Why the Meatless Impossible Burger Does Little for Humanity

Shruti Bakshi
Aug 9, 2017 · 3 min read
Credit: Dllu

Mostly when people voluntarily give up meat, they are motivated by a heightened sensitivity to other life. They act from a place of renunciation, personal sacrifice and respect for life and nature.

However with meat substitutes, we still want to feel like we’re eating meat and want to squeeze our way through the entry gate to the moral high ground via a technicality. We stick to the letter and completely miss the spirit. It’s a classic ‘I’ll have my cake and eat it too’ attitude.
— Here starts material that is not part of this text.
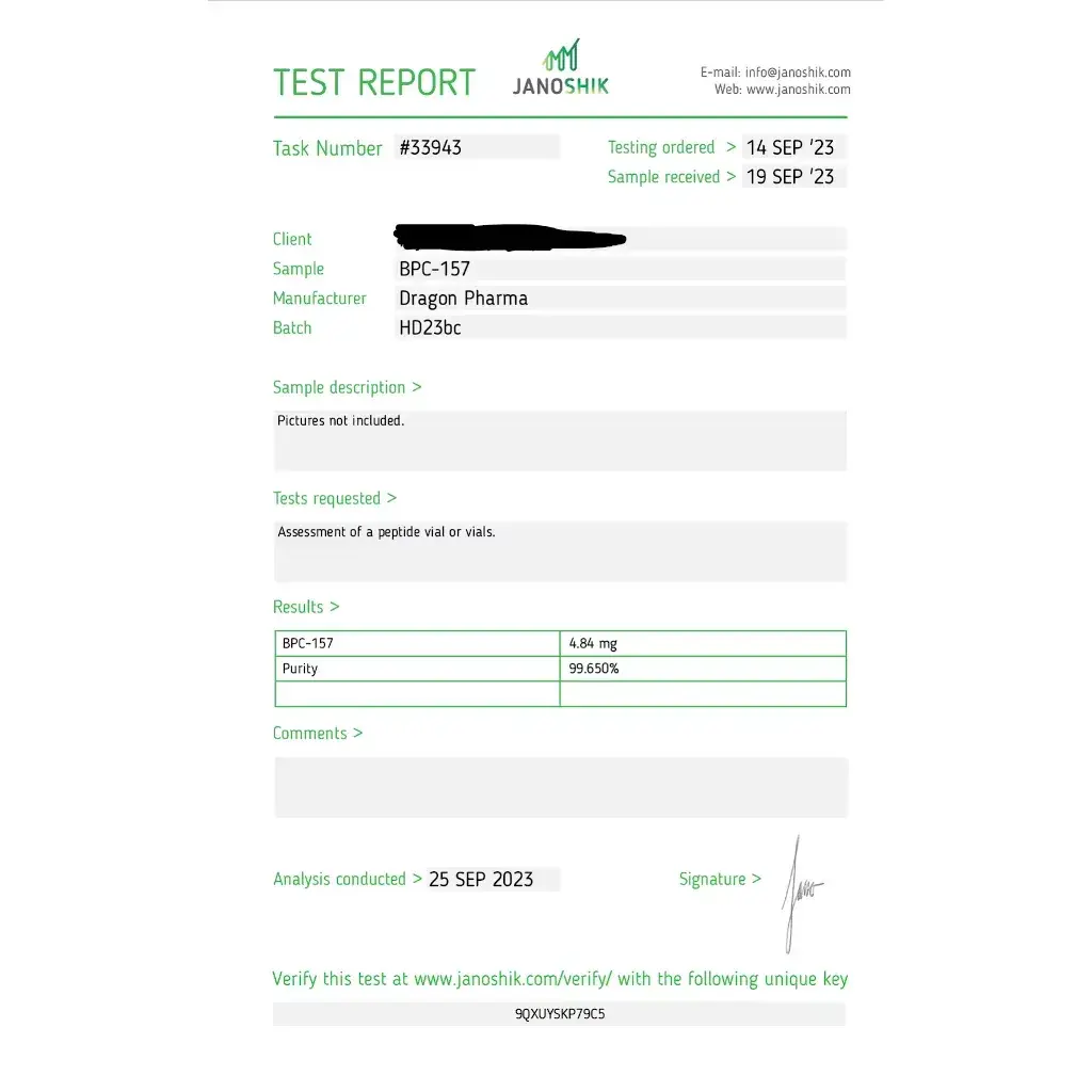 To help verify authenticity, buy only from trusted sources that preserve proper storage conditions and provide batch-related quality information. This product page also includes third-party lab results showing recent measured content for Dragon Pharma BPC 157.

In fact here’s how the Impossible Foods website introduces its meatless burger:

“A delicious burger made entirely from plants for people who love meat. No more compromises.”

Why would someone who wants to switch to eating plants love meat? The company is basically saying, ‘Want to not change your frowned-upon habits and still feel good about it?’ It’s not a call to our humanity. It’s a call to our senses.

This attitude flies in the face of one of the most basic spiritual precepts (so to speak) — being mindful of our ‘intention’. It’s no doubt good if we stop slaughtering animals physically, but if we continue to rejoice in slaughtering them mentally, our inner growth will be very stunted. Ahimsa or non-violence is not just about killing with a knife, but also killing with our words and thoughts.

In developing fake-meat products that are as close to the real thing as possible, we are implicitly saying ‘We don’t need to exploit nature, we can make what nature can make just as well’. This brand of vegetarianism, instead of pointing towards humility, points towards hubris.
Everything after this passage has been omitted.